CHRONIQUE / La culture canine diffère d'un peuple à l'autre. Les Québécois ont une relation amour-haine avec les bêtes. Les Britanniques vouent presque un culte à leurs chiens, qui sont bienvenus dans les pubs. Et les Tunisiens entraînent leurs toutous à mordre et manger les criminels.

Vous pensez que j'exagère? C'est un Tunisien, à Saguenay pour ses études, qui m'a expliqué ses moeurs, la semaine dernière. Ce dernier venait de me demander pourquoi il ne voyait pas beaucoup de pitbulls dans la région.

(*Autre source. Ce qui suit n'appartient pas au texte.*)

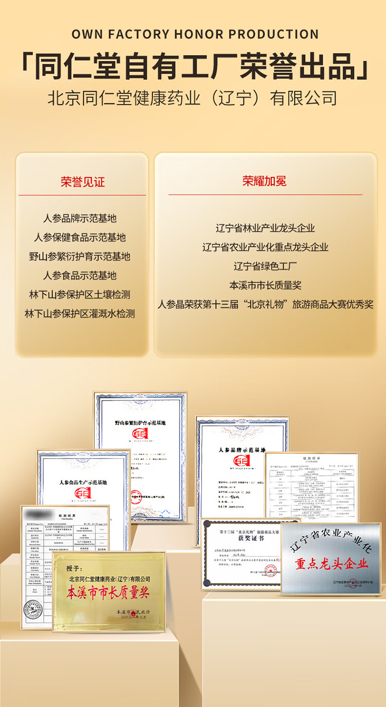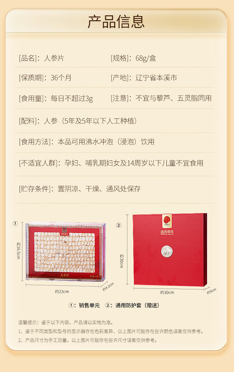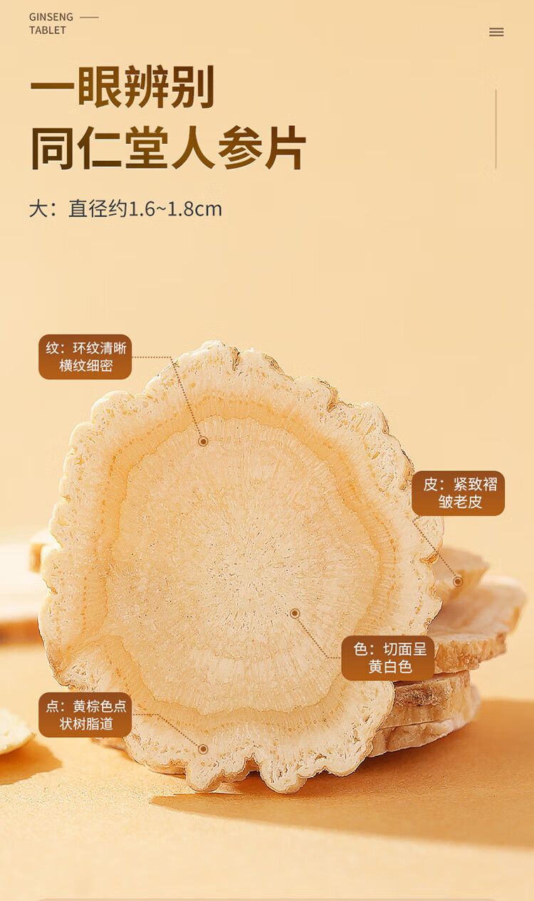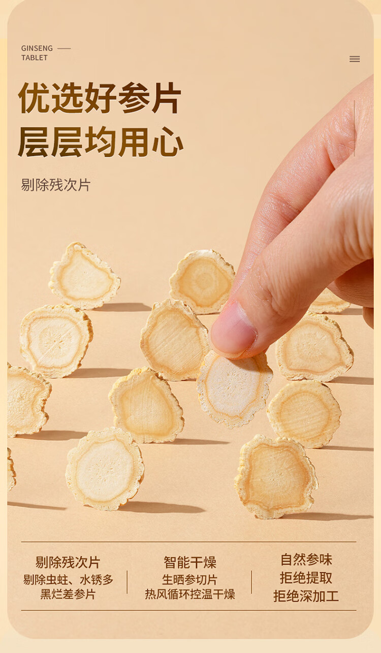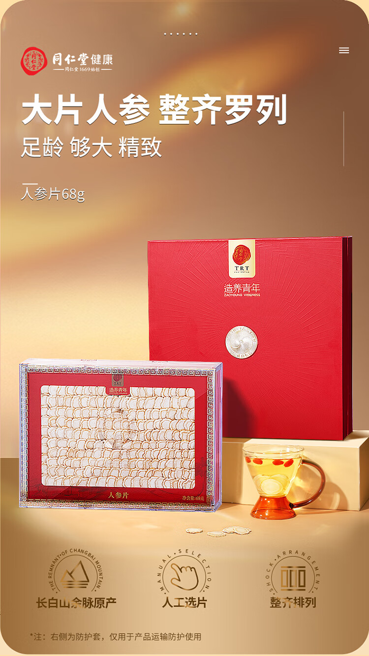 【正宗同仁堂品牌】北京同仁堂 人参片68g/盒 送礼盒 无熏蒸 主根正切 优选大片SY

La discussion est venue sur le sujet, car il venait de m'entendre commenter la mort de la dame attaquée par un chien.

Après lui avoir raconté l'événement, il m'avoue que ces attaques surviennent fréquemment dans son pays. Mais ce sont principalement des voleurs ou des criminels qui se font manger par un de ces chiens.

Parce que dans son pays, les pitbulls et autres races dont, cane curso et rottweiler, servent de système d'alarme. Ils sont de véritables chiens de garde. Et la plupart des gens de l'île où il vit en possèdent.

Lui, il en a deux dans sa maison. «Ils ne sont pas méchants avec nous», insiste-t-il. Mais s'il reçoit de la visite, il doit les attacher, admet-il.

Il ne prend pas de marche dans son quartier avec son toutou. Pour l'entraîner, il l'attache à son véhicule ou à une roue de tracteur. Le chien est assez fort pour faire rouler la voiture. Et un gros steak l'attend à la fin de la course. J'étais sceptique au départ, mais il m'a montré des vidéos sur YouTube. Et en effet, c'est une pratique courante.

Difficile de juger quand on se trouve à des milliers de kilomètres. Peut-être que leur façon de faire est vraiment efficace pour contrer le crime. Mais je dois avouer que cette façon me semble farfelue, du moins, pour notre réalité. Aussi farfelue que notre relation envers les animaux peut l'être pour ce Tunisien. Il n'a pu s'empêcher de rire lorsqu'il a su que mon chien était un golden retriever. Un voleur n'aurait en effet qu'à lui flatter la tête pour rentrer dans ma maison. «Pourquoi tu as ce chien? Il sert à quoi?», m'a-t-il tout bonnement demandé. «Je voulais un compagnon pour faire des randonnées.»

Ouin... Ma raison n'est sans doute pas mieux que la sienne.